Newbie vs. Veteran
When I graduated nursing school at the ripe old age of 22, I was the young “newbie” of the group. I had a good education, great mentors, and worked with a cool group of ladies, so I caught on fast. Yet, I was always still in awe of those nurses who were “old” veterans. More than once, I remember thinking “I can’t even imagine having been a nurse for 15…20…30 years.” (I also remember thinking one nurse who had five children was insane, but that’s another blog entirely!) It sounded so far off to me. I still had so much to learn, so much to experience, and so much growing to do. (Go Horned Frogs!)
16 years later (don’t do the math there; that’s not nice!), I’m no longer the young one… no longer the newbie. I’m the “old” veteran now. Been there, seen that, have the battle wounds (and stories) to prove it. I’m the one they come to with questions, to get that hard stick, to hear the war stories. However, I'm not naive enough to believe I know it all. There's still more to see, experience and learn. The newbies probably look at me and can’t imagine themselves “so old”. They’ve got so much to learn, so much to experience, and so much growing to do.

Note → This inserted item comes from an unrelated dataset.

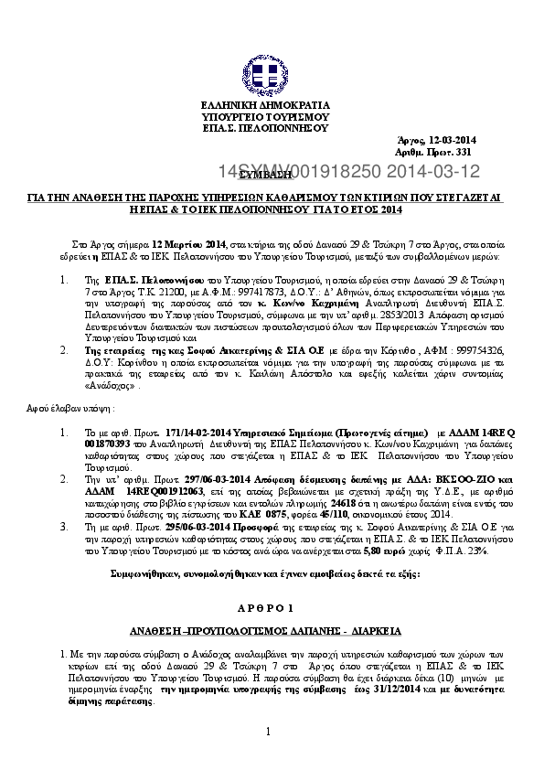 1. Σύμβαση για την εκτέλεση εργασιών καθαρισμού των εγκαταστάσεων της ΕΠΑΣ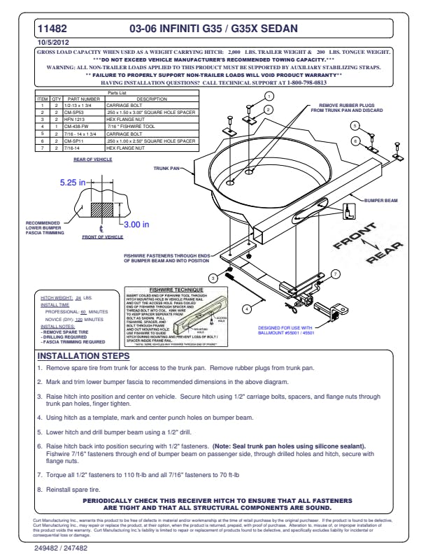 Connect to your lifestyle with a custom hitch receiver from CURT. All of our custom hitches are designed for a vehicle-specific fit, manufactured with pride, finished for industry-leading rust resistance and tested to rigorous SAE J684 standards for safety. This class 1 trailer hitch and ball mount combination is designed for a custom fit on select years of the Infiniti G35 (see application info to verify fitment). The hitch integrates with the vehicles frame and provides a useful and dependable 1-1/4 in. x 1-1/4 in. receiver. The receiver is perfect for attaching the included ball mount and towing a small trailer, or for adding cargo space with a hitch-mounted cargo carrier, bike rack or other accessory. This particular class 1 hitch is rated for 2,000 pounds gross trailer weight and 200 pounds tongue weight (never exceed the lowest-rated towing component). The ball mount included with this trailer hitch quickly and easily installs into the hitch receiver and has a 3/4 in. trailer ball hole (trailer ball not included). It can be mounted in the rise or drop position to promote level towing. Like all CURT custom hitches, this class 1 hitch is protected with our co-cured finishing process. It is descaled for a smooth surface, immersed in liquid A-coat for rust resistance inside and out, covered with a durable black powder coat and finally co-cured for an industry-leading rust, chip and UV-resistant shield. No matter where youre headed or which season of the year you're towing in, this CURT hitch is equipped for long-lasting resilience to the elements. It features an open-back receiver for easy cleaning, and it comes with all the hardware necessary for the installation.

I’ve been at the Diabetes game for 18 months now. Part of my coping is to educate myself and read about others who are in my shoes (or worse shoes). I read two blogs regularly: Death of a Pancreas by the incredibly witty and clever Joanne (www.deathofapancreas.com) and Our Diabetic Life by Meri (www.ourdiabeticlife.com).
When I really want to feel sorry for myself for having two sons with Type One Diabetes, I remind myself of Meri who has three…and a recently deceased young husband. I only have to serve as two pancreases and my husband is alive, kickin’ and sexy! Diabetes sucks and life's not fair, but I digress!
Recently while reading Meri’s blog, I read her post, “15”. (http://www.ourdiabeticlife.com/2013/08/15.html)
Meri did a beautiful job showing how her oldest diabetic son (who was diagnosed in infancy) has grown and thrived 15 years with Diabetes. He has refused to let Diabetes define him or bring him down. FIFTEEN YEARS. Fifteen. Fifteen years she’s dealt with this craptastic disease, had two more added to her plate, then lost her husband. Fifteen.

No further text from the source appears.